Lukas redet vage von "Dienern des Wortes", von denen er seine Informationen haben will. Aber das beschreibt eher den Vorgang der "stillen Post". Hier die entsprechenden Verse:
Lukas 1,2: Schon viele haben es unternommen, einen Bericht über all das abzufassen, was sich unter uns ereignet und erfüllt hat.
Lukas 1,2: Dabei hielten sie sich an die Überlieferung derer, die von Anfang an Augenzeugen und Diener des Wortes waren.
Er sagt nicht, dass er Augenzeuge war, sondern dass er sich auf frühere Berichte stützt, die angeblich von Augenzeugen verfasst und dann mündlich weitergegeben wurden. Man muss schon sehr genau lesen, aber wer tut das schon?
Was Lukas sagt, ist Folgendes: Es gibt Berichte über die Ereignisse von Augenzeugen, die überliefert worden sind.
Die Verfasser dieser Berichte waren keine Augenzeugen, sie haben lediglich weitergegeben, was ihnen überliefert wurde.
Das bedeutet, dass die Berichte, auf die er sich stützt, schon durch mehrere Hände gegangen waren. Was nicht unbedingt darauf deutet, dass Lukas im 1. Jahrhundert geschrieben hat.

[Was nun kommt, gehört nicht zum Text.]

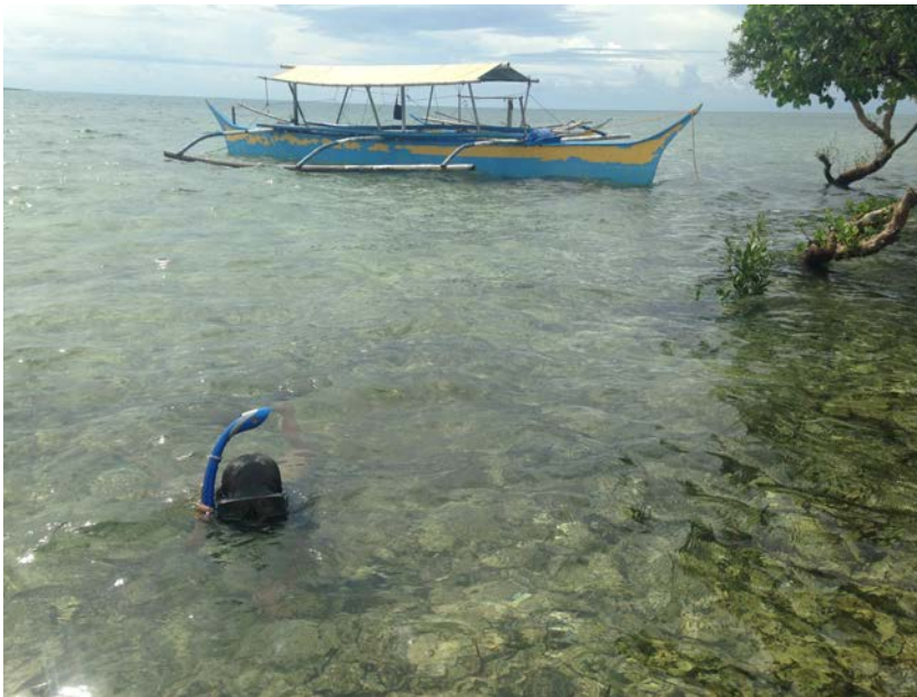
Figure 4.1. Local child explores the coastal waters of Laoang.

A relatively straightforward and inexpensive plan for promoting sustainable local fisheries would be the expansion of the current fisheries education program that is run by MENRO Laoang. There are discussions (often facilitated by MENRO Community Organizers) and presentations about the damage of illegal gear and fishing sustainably, but these are not always happening in every coastal barangay or necessarily being actively promoted in the schools. The development of an enhanced curriculum for both youth and adults about the potential for ecosystem development and the dangers of turning to illegal methods could improve sustainable resource management on a community level. Sustainable fishery development is untenable without community support. It is also important to note however, that discussion will not prevent people from fishing out of desperation.

Zudem ist Lukas der unzuverlässigste Schreiber unter den vier Evangelisten, auch, wenn er sich des Gegenteils rühmt. Denn derselbe hat die Apostelgeschichte verfasst, die wüsteste Märchengeschichte des NT.

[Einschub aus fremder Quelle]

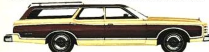
Wagonmaster Wagons: LTD Country Squire, 4-Door, Pastel Yellow (Code 6D), LTD Wagon, Custom 500 Wagon

The closer you look, the better we look.
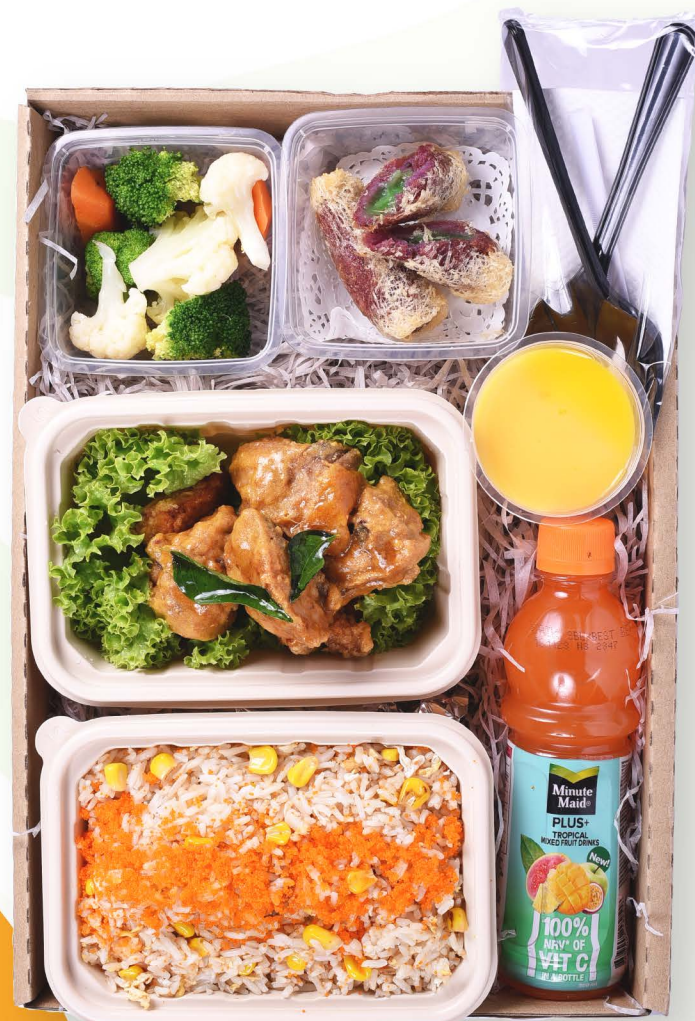
Photo reference for RM40 Premium Bento
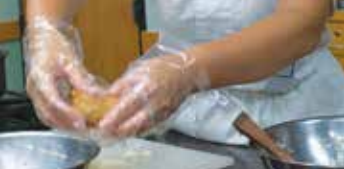
| Cooking Demo |

Wenn man die wirklich mal liest, und seine dem Paulus untergeschobene Theologie mit der des Paulus vergleicht, dann weiß man, warum Lukas ein großer Märchenerzähler vor dem Herrn war.
Auch er hat sein Evangelium zum Teil abgeschrieben, nicht nur von Markus und Matthäus, sondern von dem Evangelium nach Marcion. Von diesem hat man ca. 70 % rekonstruieren können.
Es gibt über Jesus keine Augenzeugenberichte.
Keiner seiner Zeitgenossen hat ihn zur Kenntnis genommen.
Wenn er überhaupt existiert hat, dann war er bei weitem nicht so bekannt wie beispielsweise Johannes der Täufer oder irgendeine andere Figur aus der Zeit, von der wir wissen.
Dabei haben die Juden damals nach dem Messias gesucht, oder wie die Qumran-Gemeinschaft nach dem Lehrer der Gerechtigkeit.
Man hat Listen mit potenziellen Kandidaten zusammengestellt, selbst mit Personen, bei denen es eher unwahrscheinlich erschien. Jesus fehlt auf allen diesen Listen!
Man kann also recht positiv ausschließen, dass einer der Evangelisten Jesus gekannt hat. Kein Theologe nimmt das heute noch an.